Data to process -
----------

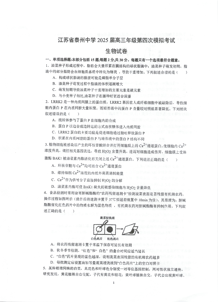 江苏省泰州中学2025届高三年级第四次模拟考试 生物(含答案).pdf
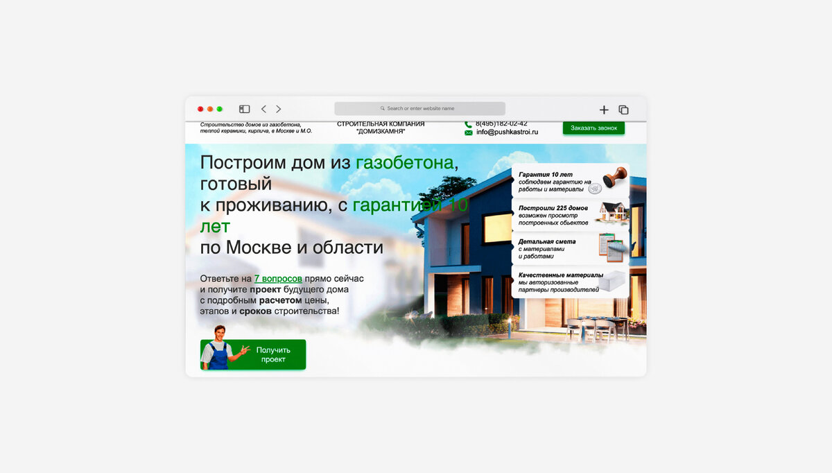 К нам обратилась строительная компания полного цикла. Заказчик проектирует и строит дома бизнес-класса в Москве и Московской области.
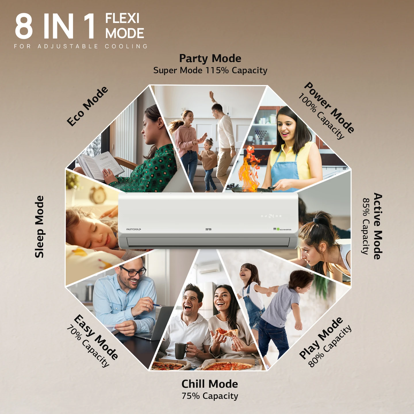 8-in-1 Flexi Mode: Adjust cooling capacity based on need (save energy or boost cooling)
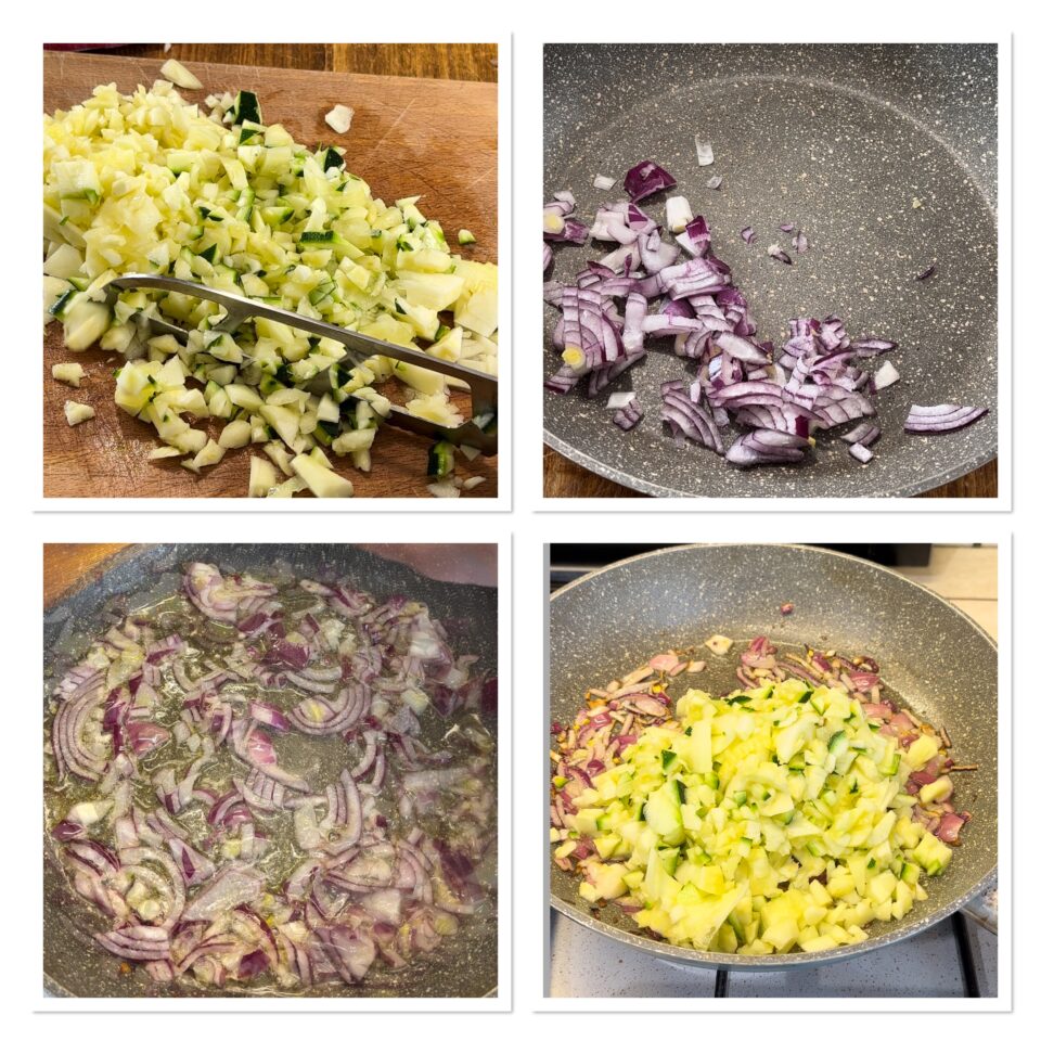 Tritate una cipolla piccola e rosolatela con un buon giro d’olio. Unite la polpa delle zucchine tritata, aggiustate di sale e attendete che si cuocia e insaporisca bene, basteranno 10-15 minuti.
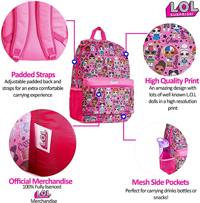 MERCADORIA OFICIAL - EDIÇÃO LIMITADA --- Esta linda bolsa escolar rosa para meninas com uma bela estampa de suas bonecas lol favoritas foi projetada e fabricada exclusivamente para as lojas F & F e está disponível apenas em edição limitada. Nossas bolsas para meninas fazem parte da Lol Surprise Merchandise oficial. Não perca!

----------

Exercise details - Retype the records above exactly, starting at the line that contains "К нам обратилась" and going through the last line, and leave out any pictures.

Worked solution -
 К нам обратилась строительная компания полного цикла. Заказчик проектирует и строит дома бизнес-класса в Москве и Московской области.
 8-in-1 Flexi Mode: Adjust cooling capacity based on need (save energy or boost cooling)
 Tritate una cipolla piccola e rosolatela con un buon giro d’olio. Unite la polpa delle zucchine tritata, aggiustate di sale e attendete che si cuocia e insaporisca bene, basteranno 10-15 minuti.
 MERCADORIA OFICIAL - EDIÇÃO LIMITADA --- Esta linda bolsa escolar rosa para meninas com uma bela estampa de suas bonecas lol favoritas foi projetada e fabricada exclusivamente para as lojas F & F e está disponível apenas em edição limitada. Nossas bolsas para meninas fazem parte da Lol Surprise Merchandise oficial. Não perca!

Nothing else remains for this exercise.